ABD Temsilciler Meclisi’nden 170’ten fazla vekil, Dışişleri Bakanı Antony Blinken’a bir mektup yazarak “Joe Biden idaresini, Türkiye ile kuracağı münasebetleriyle ilgili siyasetini formüle ederken sıkıntılı insan hakları sıkıntılarına de vurgu yapması” için uyardı.
Demokrat ve Cumhuriyetçi Parti’den vekillerin ortak olarak kaleme aldığı 26 Şubat tarihli mektupta, NATO müttefiki Türkiye’nin değerli bir ortak olduğunu lakin Cumhurbaşkanı Recep Tayyip Erdoğan’ın idaresinin bağlarda tansiyona yol açtığı tabir ediliyor:
“İkili münasebetlerimizde stratejik sorunlara haklı olarak ehemmiyet verilmiştir, fakat Türkiye’de insan haklarının büyük oranda ihlal edilmesi ve demokratik yoldan sapılması da birebir formda kıymetli bir tasa sebebidir.”
Pazartesi günü kamuoyuna duyurulan mektupta, Dış Bağlar Komitesi’nin Demokrat Lideri Greg Meeks ve tekrar tesirli vekillerden Mike McCaul’ün de imzası var.

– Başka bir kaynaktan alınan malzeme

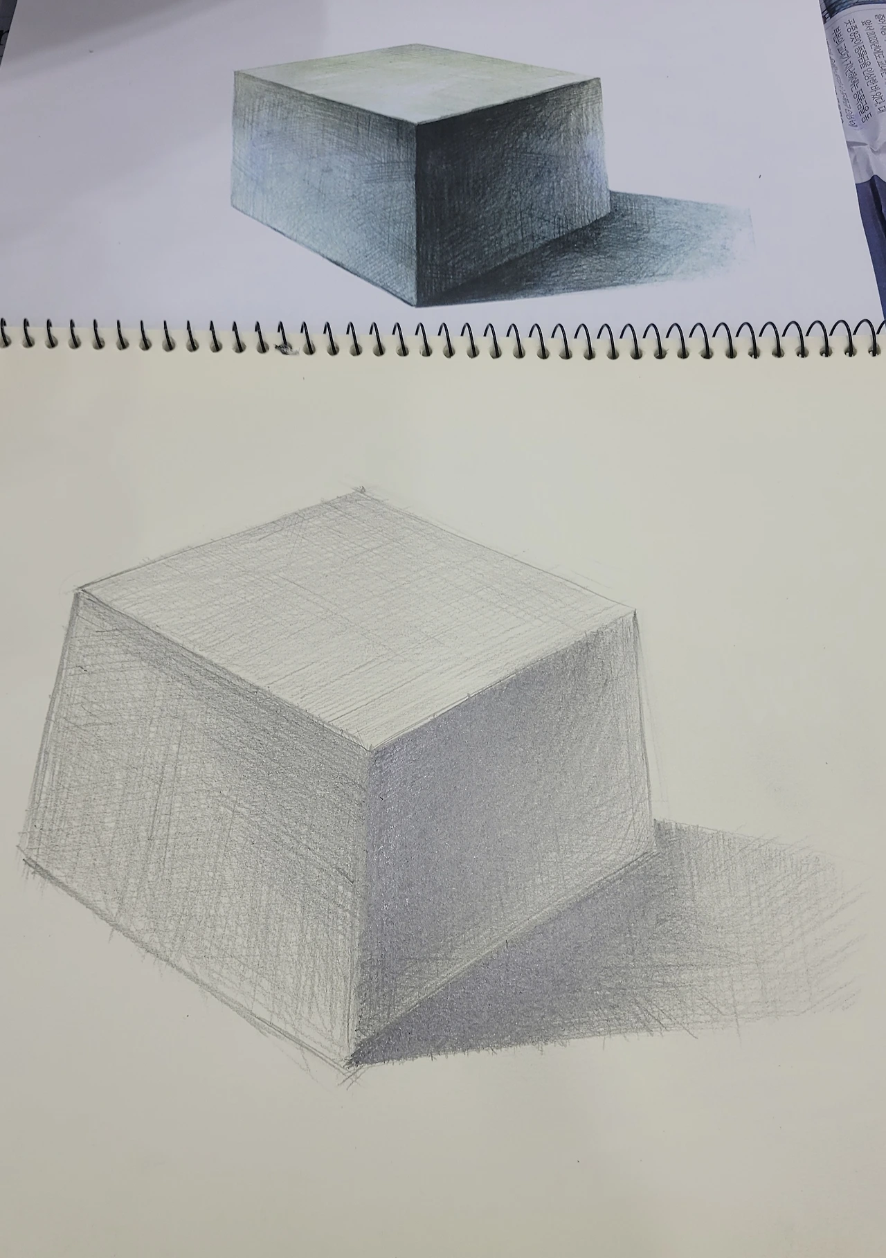 칠하듯 음영을 묘사하는 것보다 선의 겹침과 반복이 확실히 내용이 있는 그림이 된다. 반복의 시간이 흐르고 도형의 윤곽은 그럴듯한데 선을 똑바로 긋지 못해서 정육면체가 아닌 사다리꼴 도형이 되어 버렸다. 선을 잘 쓰는 일이 중요하다는 사실을 깨닫는다.

Erdoğan‘dan iş birliği iletisi
Cumhurbaşkanı ve AKP Genel Lideri Recep Tayyip Erdoğan, 20 Şubat’ta Türk Amerikan Ulusal Yönlendirme Komitesi’nin televizyon kanalında gerçekleştirilen programa gönderdiği görüntü iletide “PKK terör örgütü ve uzantılarıyla çaba konusunda NATO müttefikimizden istek ettiğimiz takviyesi ve dayanışmayı göremedik. FETÖ elebaşıyla ilgili 4 yıldır hiçbir adım atılmaması da milletimizi ve 251 şehidimizin ailesini derinden yaralamıştır. Türkiye olarak, Amerika ile ortak menfaatlerimizin görüş ayrılıklarımızdan çok daha fazla olduğu inancındayız. Bu anlayışla uzun vadeli bir perspektifle kazan-kazan temelinde yeni Amerikan idaresiyle iş birliğimizi daha da güçlendirmek istiyoruz” demişti.

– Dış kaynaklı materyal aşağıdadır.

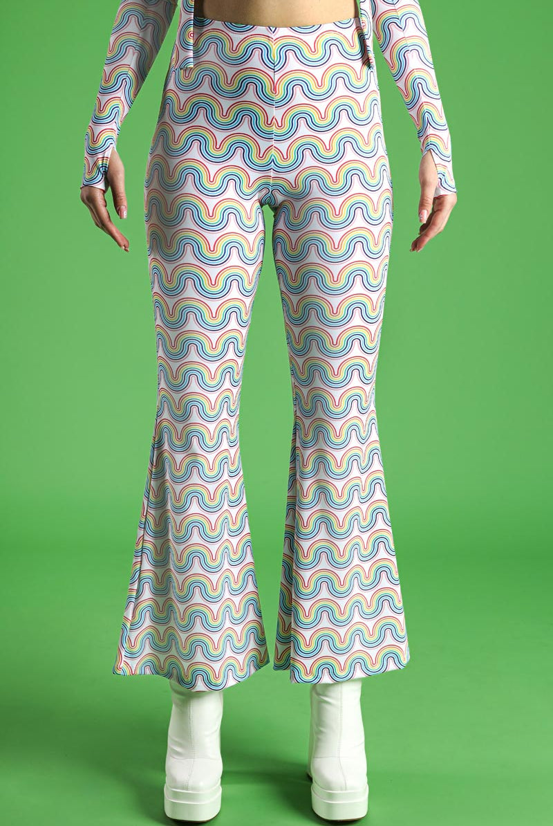 Rainbow Waves High-Waisted Bell Bottoms Pants

20 Ocak’ta vazifeye gelen ABD Lideri Joe Biden ile Cumhurbaşkanı Erdoğan ortasında ise şimdi telefon görüşmesi yapılmadı.
‘Muhalifler haksız yere mahpusa atıldı’
Mektupta vekiller Türkiye’deki hak ve özgürlükler konusunda kaygılarına yer verirken “Erdoğan ve partisinin Türk yargısını güçsüz hale getirdiğini; siyasi müttefiklerini kilit kıymetteki askeri ve istihbarat pozisyonlarına getirdiğini; muhaliflerini, gazetecileri ve azınlık kümelere mensup bireyleri haksız yere mahpusa attığını” tabir etti.
Erdoğan’ın Mayıs 2017’deki ziyareti sırasında Washington’da bulunan Türkiye büyükelçiliği konutunun önünde yaşanan hengameye da değinilen mektupta şu tabirlere yer verildi:
“Ziyaret sırasında Türk muhafazalar barışçıl protestoculara ve federal çalışanlara saldırdığında, Erdoğan hükümeti kendi üslubunu Washington sokaklarına bile taşımış oldu. Erdoğan’ın muhafazalarından dördü olaydan ötürü ABD’de hala yargılanıyor. Fakat Türkiye’de ise serbestçe dolaşabiliyorlar.”
Stratejik müttefik olarak kalmanın iki ülkenin karşılıklı çıkarı olacağı söz edilen mektupta, mevcut ilgilerin onarılabilmesi için Erdoğan ve partisinin davranışlarını değiştirmesi gerektiği belirtildi.
Uyuşmazlıklar sürüyor
Washington ve Ankara idareleri bir müddettir bir dizi mevzuda uyuşmazlık halinde. Bu uyuşmazlıkların başında ise Türkiye’nin Rusya’dan S-400 hava savunma sistemi alması geliyor.
Bu sebeple ABD, Aralık ayında Türkiye’ye CAATSA kapsamında uygulanacak yaptırımları açıkladı, Savunma Sanayii Başkanlığı ve kurumun yetkilileri yaptırım listesine alındı. Ayrıyeten Türkiye’yi F-35 savaş uçağı programından çıkardı.
Türkiye ise ABD’yi Suriye’nin kuzeyinde YPG’ye takviye vermekle suçluyor. Öte yandan Ankara, Fethullah Gülen’in Türkiye’ye iadesi konusunda da Washington idaresinin rastgele bir adım atmadığını söylüyor.